Guy Blade Guy Blade---23:36:00

Anime Expo 2010
This last weekend, I went to Anime Expo. I discovered last year that Anime Expo was somewhat less fan-driven than Anime Central in Chicago was. That impression mostly followed this year. I believe that during the entire course of the convention, I never went to any panel which wasn't industry driven. That isn't to say that the industry panels weren't interesting--they tended to be so in fact. Nevertheless, the industry centric approach leads to a different feel to the convention overall.

I mostly organized my weekend by going from industry announcement/status panel to industry announcement/status panel.

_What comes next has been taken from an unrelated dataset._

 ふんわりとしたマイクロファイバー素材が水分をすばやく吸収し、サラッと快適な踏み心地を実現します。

Highlights (in no particular order):

Bandai licenses K-On!
FUNimation licenses Trigun: Badlands Rumble (and had a screening on Saturday).
Nozomi/Right Stuf is rereleasing Revolutionary Girl Utena with remastered video.
Bandai/Aniplex are releasing both Gurren Lagann movies this month in the US. The collector's/premium editions contain the Parallel Works.
Bandai will be releasing Haruhi Season 2 in a single box set sometime this year.
No release timeline for The Disappearance of Suzumiya Haruhi (the movie) from Bandai/Aniplex.

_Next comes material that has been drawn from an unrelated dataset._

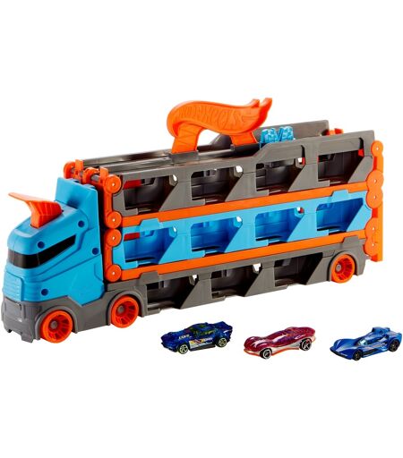 Hot Wheels Speedway Hauler omdefinerer Hot Wheels-opbevaring og -racerløb med en sej lastbil, der er fuld af overraskelser. De små vinduer på traileren viser de mere end 20 Hot Wheels-biler, den kan opbevare, og når børnene trækker lågen op, bliver lastbilen til en 180 cm lang racerbane. Biler, som ikke bruges, forbliver synlige under banen, mens lastbilens førerhus bliver til en dobbeltaffyrer, som sender to biler ud i en episk kamp. Vinderen fortsætter til det næste eventyr med baner, der kan forbindes til andre Hot Wheels City-sæt (sælges separat). Det multifunktionelle køretøj kommer med tre Hot Wheels-biler i skala 1:64 og kan indeholde 20 mere (sælges separat). Det giver endeløs leg for børn i alderen 4 til 8 år. Farver og mønstre kan variere. ...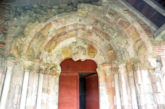 En el brazo norte del transepto se abre una puerta tardorrománica de arquivoltas decoradas pero tan deterioradas que resulta difícil identificar la escultura.

I didn't actually pick up much stuff this year at the convention. I grabbed a couple of items that were on sale at the Bandai booth: Rocket Girls (the story of how not to run a human spaceflight program), and a movie that was on sale rather cheap. I picked up the first Toradora! box set from NIS America's booth. I picked up the one DVD of Project Blue Earth SOS that I was missing.

Most of the money that I spent at the convention was actually in Artist's Alley. I picked up about a dozen prints that I'm going to (somehow) put up in my apartment. I picked up a handful at last year's con, but there were quite a few that sparked my interest this year. Once I get frames, I'll take some pictures.